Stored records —

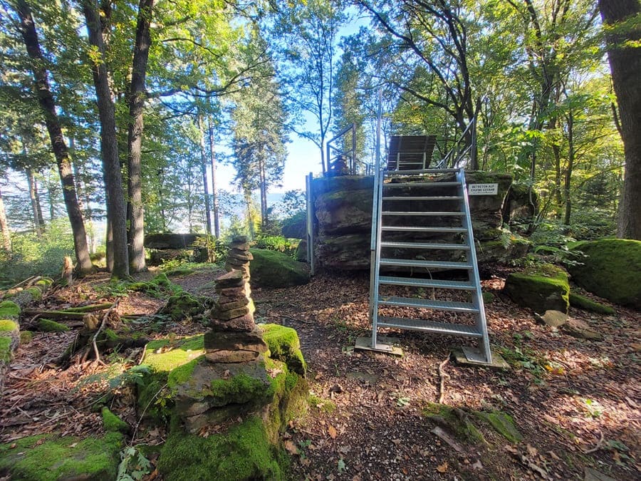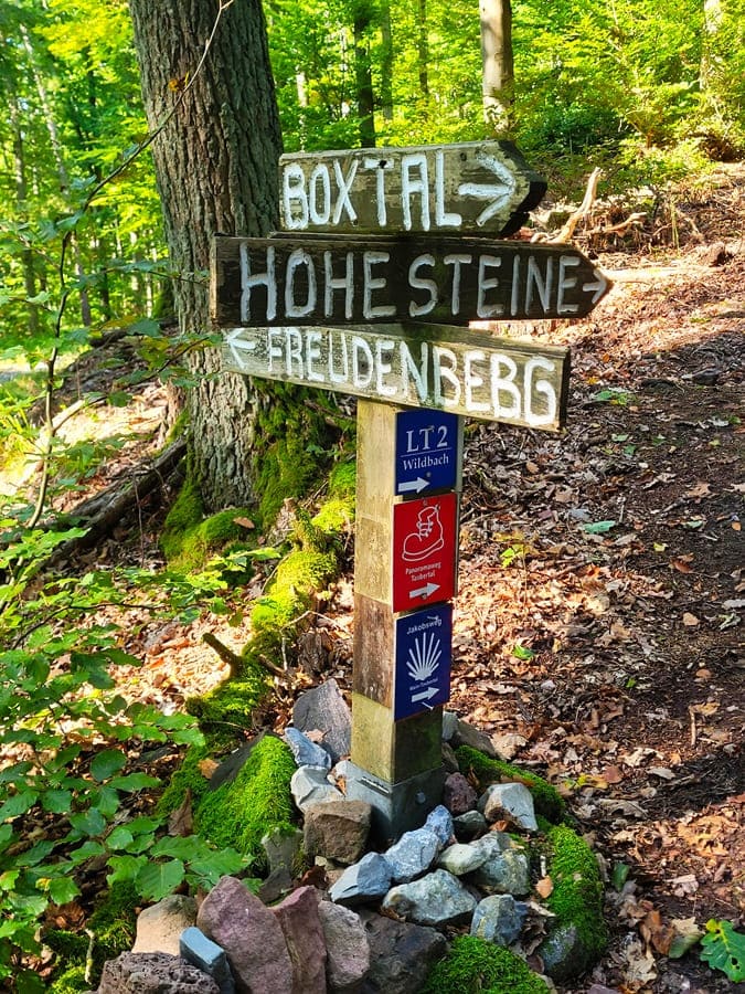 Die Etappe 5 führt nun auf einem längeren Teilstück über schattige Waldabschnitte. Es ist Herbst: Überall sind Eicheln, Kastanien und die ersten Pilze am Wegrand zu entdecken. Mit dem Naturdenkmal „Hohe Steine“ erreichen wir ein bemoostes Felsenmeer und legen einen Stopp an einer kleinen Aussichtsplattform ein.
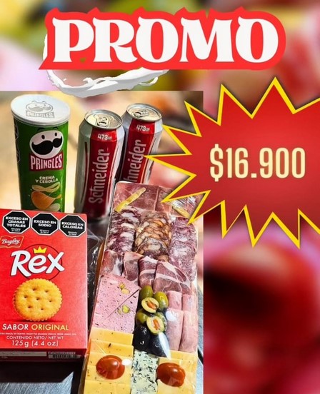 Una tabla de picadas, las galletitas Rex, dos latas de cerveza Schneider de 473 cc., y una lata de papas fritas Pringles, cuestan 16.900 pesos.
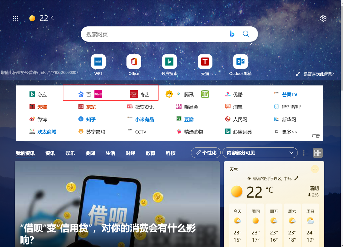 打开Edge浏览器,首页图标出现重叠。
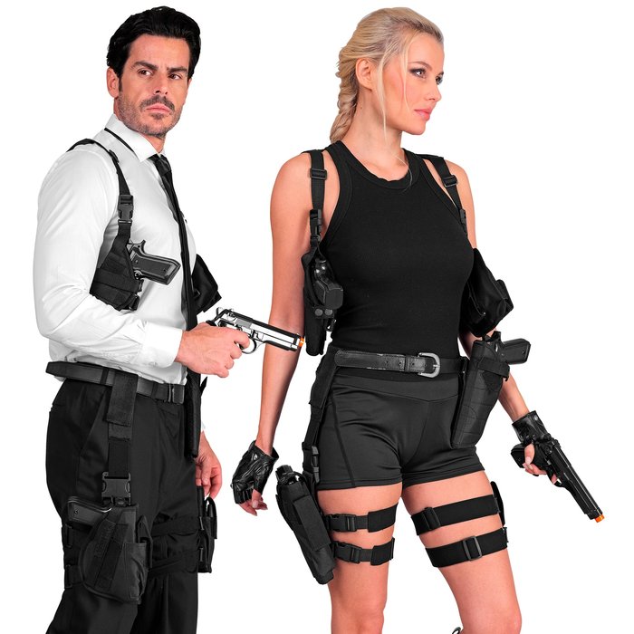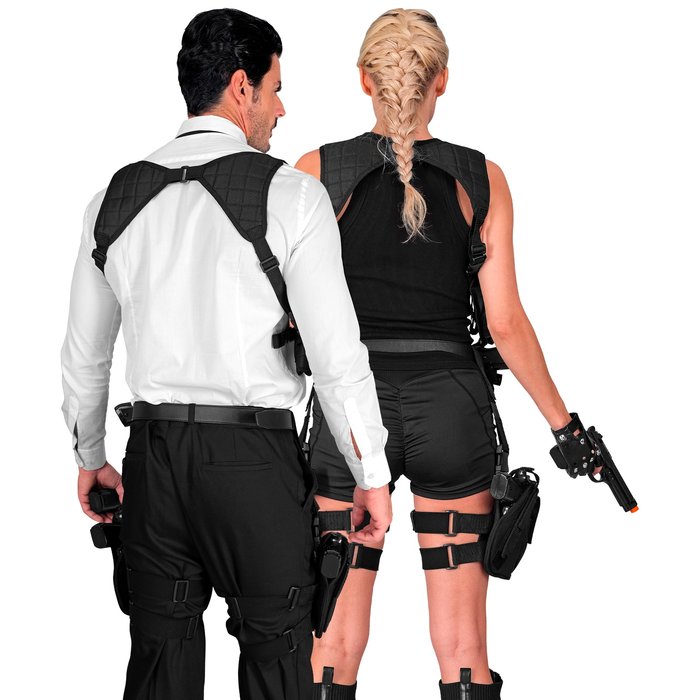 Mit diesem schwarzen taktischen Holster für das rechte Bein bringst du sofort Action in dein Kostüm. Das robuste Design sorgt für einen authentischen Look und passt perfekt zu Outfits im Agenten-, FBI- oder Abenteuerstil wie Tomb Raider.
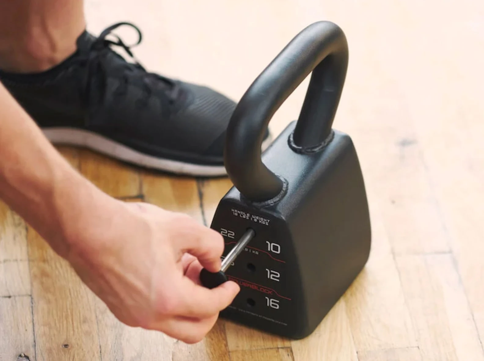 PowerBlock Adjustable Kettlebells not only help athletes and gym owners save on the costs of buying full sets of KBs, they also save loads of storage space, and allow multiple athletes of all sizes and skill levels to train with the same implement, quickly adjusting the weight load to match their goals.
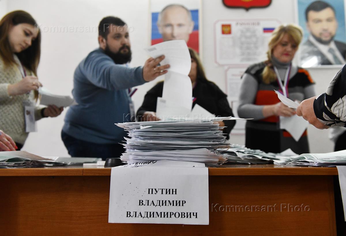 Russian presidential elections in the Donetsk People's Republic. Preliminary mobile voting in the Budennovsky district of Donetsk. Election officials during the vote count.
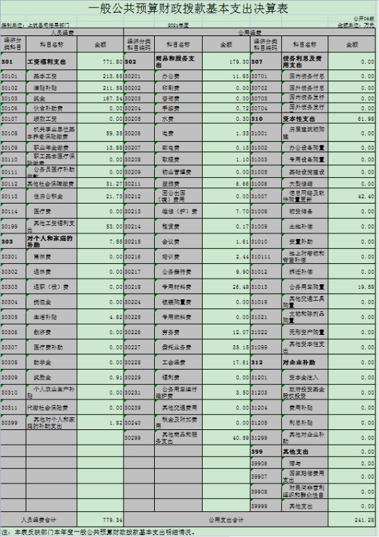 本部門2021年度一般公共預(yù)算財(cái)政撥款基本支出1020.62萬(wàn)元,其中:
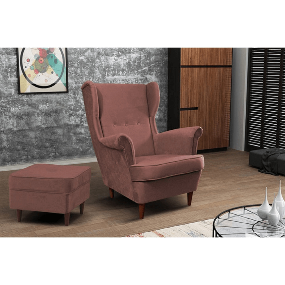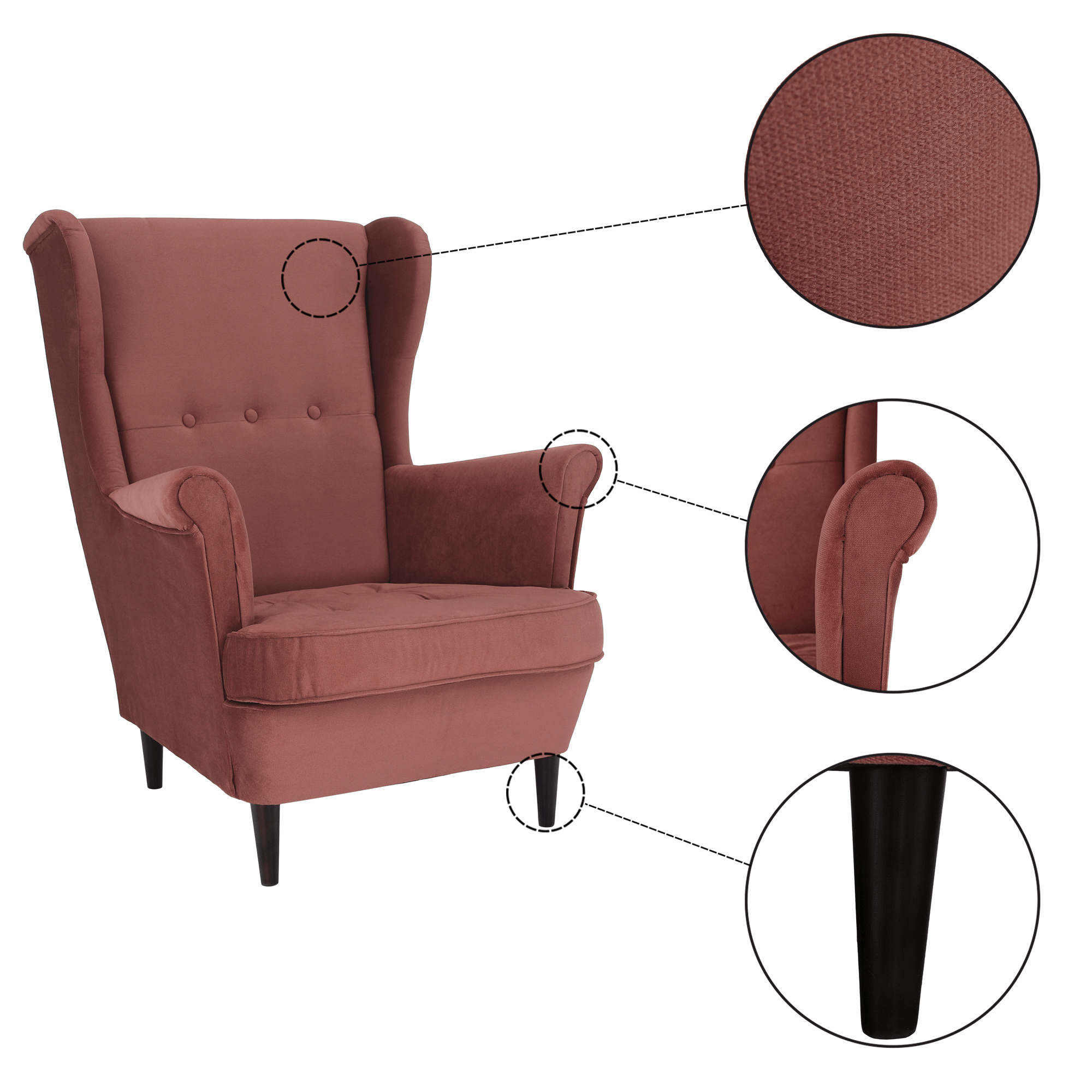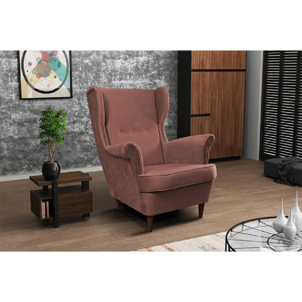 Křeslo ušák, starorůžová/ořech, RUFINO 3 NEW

THE TASK —
Restate word for word the lines from the one holding "打开Edge浏览器,首页图标出现重叠。" down through the last line of the records above, and do not include the pictures.

SOLUTION TO THIS PROBLEM —
 打开Edge浏览器,首页图标出现重叠。
 Mit diesem schwarzen taktischen Holster für das rechte Bein bringst du sofort Action in dein Kostüm. Das robuste Design sorgt für einen authentischen Look und passt perfekt zu Outfits im Agenten-, FBI- oder Abenteuerstil wie Tomb Raider.
 PowerBlock Adjustable Kettlebells not only help athletes and gym owners save on the costs of buying full sets of KBs, they also save loads of storage space, and allow multiple athletes of all sizes and skill levels to train with the same implement, quickly adjusting the weight load to match their goals.
 Russian presidential elections in the Donetsk People's Republic. Preliminary mobile voting in the Budennovsky district of Donetsk. Election officials during the vote count.
 本部門2021年度一般公共預(yù)算財(cái)政撥款基本支出1020.62萬(wàn)元,其中:
 Křeslo ušák, starorůžová/ořech, RUFINO 3 NEW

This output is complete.